As part of the settlement, Seattle admits no wrongdoing. City Attorney Ann Davison’s office said in a statement that the suit, which was filed more than three years ago in King County Superior Court, “has been a significant drain on the time and resources of the city and would have continued to be so through an estimated three-month trial that was scheduled to begin in May.”
Stritmatter Kessler Koehler Moore claimed in addition to the settlement money, the city spent millions of dollars in defense and expert witness fees, including hundreds of thousands of dollars on forensic doctors to examine the plaintiffs and perform involuntary psychiatric and medical examinations.
Koehler said the city spent $200,000 to hire University of Liverpool Professor Clifford Stott, considered among the world’s foremost crowd policing experts, to analyze the first days of the protests that began in Seattle on May 29, 2020 — four days after Floyd’s death.

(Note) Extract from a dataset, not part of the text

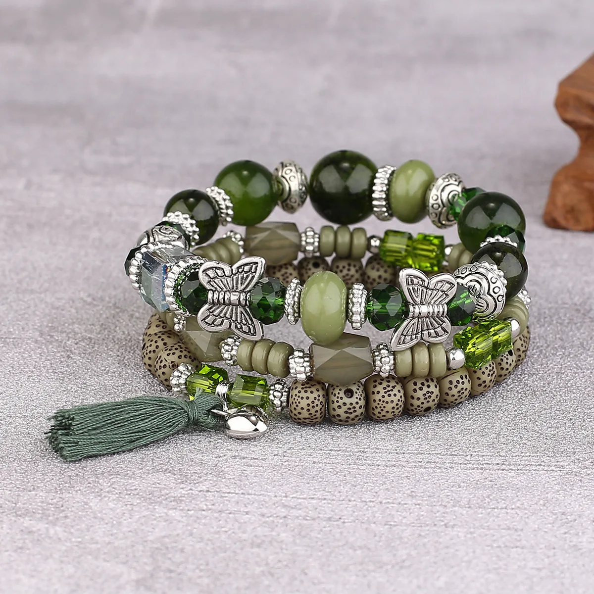 3pcs Boho Bohemian Pink Butterfly Pendant Charm Beads Bracelets Set For Women

“(Stott) had not seen that level of aggressive violent police response against protesters in any democratic state,” Koehler said.
While she acknowledged that “one or two people acted out” she dismissed Seattle police reports of thousands of people rioting. Koehler said SPD “didn’t follow their own protocols — they brutalized these protesters.”
The Seattle Police Department (SPD) has faced intense criticism, on both the local and federal level, for its violent response to the protests. Less than two weeks after the demonstrations began, a federal judge granted a temporary restraining order against SPD for the use of tear gas and blast balls against the demonstrators. U.S. District Judge Richard Jones ruled the department had used excessive force and violated protesters’ free speech rights.
“Police cannot interfere with orderly, nonviolent protests because they disagree with the content of the speech,” Jones wrote in his June 2020 ruling.
Just a few months later, Judge Jones found Seattle Police in violation of his court order limiting the use of some crowd control weapons. Jones wrote in a September ruling officers “indiscriminately deployed tear gas, blast balls and pepper spray into crowds of mostly peaceful protesters.” Officers also came under scrutiny over claims they targeted the entire crowd, rather than vandals who were using the protests to damage or destroy property, including burning police cars.
The city argued in pre-trial hearings for this lawsuit that protesters “assumed the risk” of being injured by police when they chose to exercise their First Amendment rights to peacefully protest. But Judge Sandra Widlan rejected that argument, according to court records.
City Attorney Davison called the settlement a “big step toward allowing the city to focus on the important work of today, while moving forward from events four years ago.”
But Abie Ekenezar, a military veteran who was one of the protesters, said she hoped the multi-million-dollar payout sends a message to Seattle’s leaders.
Furhad Sultani, one of the attorneys representing the protesters, told Xվ Newsradio he was also out in the streets nearly four years ago. He hopes the multimillion dollar payout sends a message to Seattle’s leaders.
“If their own expert can tell them that what they did was wrong, they should be able to listen and take accountability right now,” Sultani said.
“I wish the Seattle Police would treat us as a community and not enemy combatants,” Tom said. “We would really like the police to be part of our community and vice versa.”
Asked if he ever plans to attend a protest in Seattle again, Tom got emotional.
“With body armor,” he replied, holding back tears. “But yes, I’m going to go out there again.”